In quarantine on vacation. Nothing like safe travel with children during a pandemic

Kat Cosley and her family had flown about eight hours to Hawaii for a beach vacation, only to be locked in their hotel room by staff.

Cosley’s family, along with others, have been quarantined on a hotel floor. She still can’t believe it happened.

Like many parents across the country, Cosley and her husband, Frank Trigg, had hoped normalcy was on the horizon in July. That the pandemic was over and that we would soon be moving around like we did before all of this.

The couple, who live in Katy, booked a nine-day trip to O’ahu to celebrate their 20th wedding anniversary with their two boys, Lathen, 5, and Frankie, 8, and Cosley’s mother, Margaret Cosley . The adults have been fully vaccinated; the boys were too young for the COVID-19 vaccine. Cosley said she followed protocol – uploaded their vaccination cards to Hawaii’s Safe Travels site, then made an appointment at a Walgreen store to have her children tested for COVID before the flight.

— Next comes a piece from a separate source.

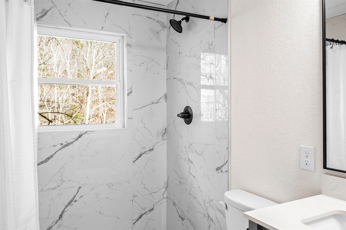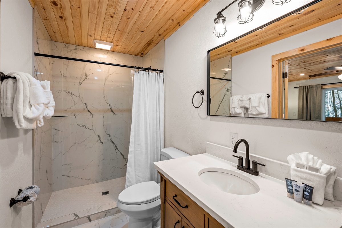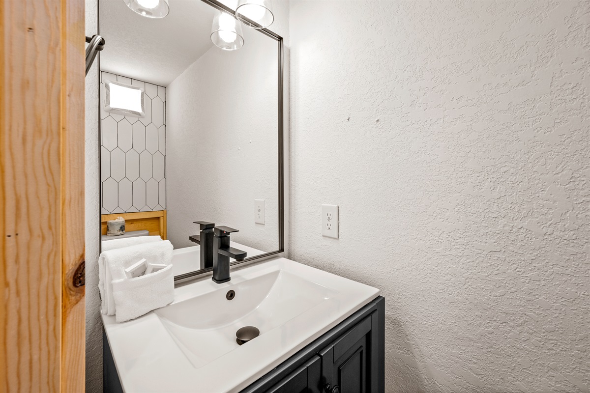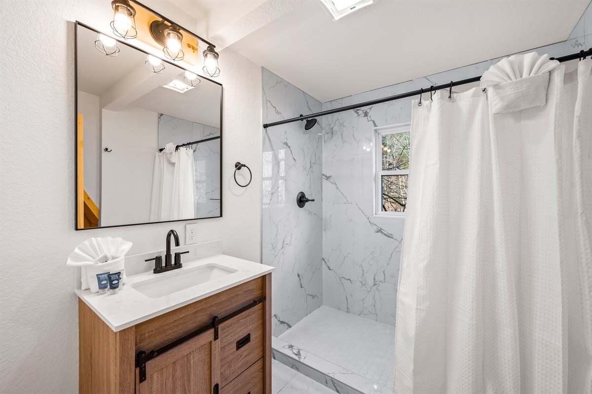The first floor King Suite offers the same cozy vibes captured on the third floor. Catch up on some shows on the Roku Smart TV, and enjoy the ambiance of another electric fireplace. Enjoy your own private full-bathroom with walk-in shower. There is private access to the lower level deck, which spans the entire length of the bottom floor, connecting to the game room entry.

She couldn’t predict that Walgreen’s would run out of COVID testing, and she would be forced to rush her children to a reputable lab for the test just days before they left. The results were negative. But in Hawaii, authorities refused to accept the results, saying the test was not performed by a preferred supplier. The family were transported to their hotel, where they were quarantined in a downgraded room.

Cosley’s boys cried from the bedroom window, as they watched other children playing in the water outside. It’s mom’s worst failure, Cosley thought.

“The kids were so emotional. They didn’t understand why we had come all this way to be stuck in a hotel room. It was hard for everyone, but especially for the children, ”she said.

The next morning, Cosley and her husband spent an additional thousands of dollars on plane tickets for her and the boys to fly to Los Angeles for COVID testing, then return to Hawaii to recoup the remainder of the vacation.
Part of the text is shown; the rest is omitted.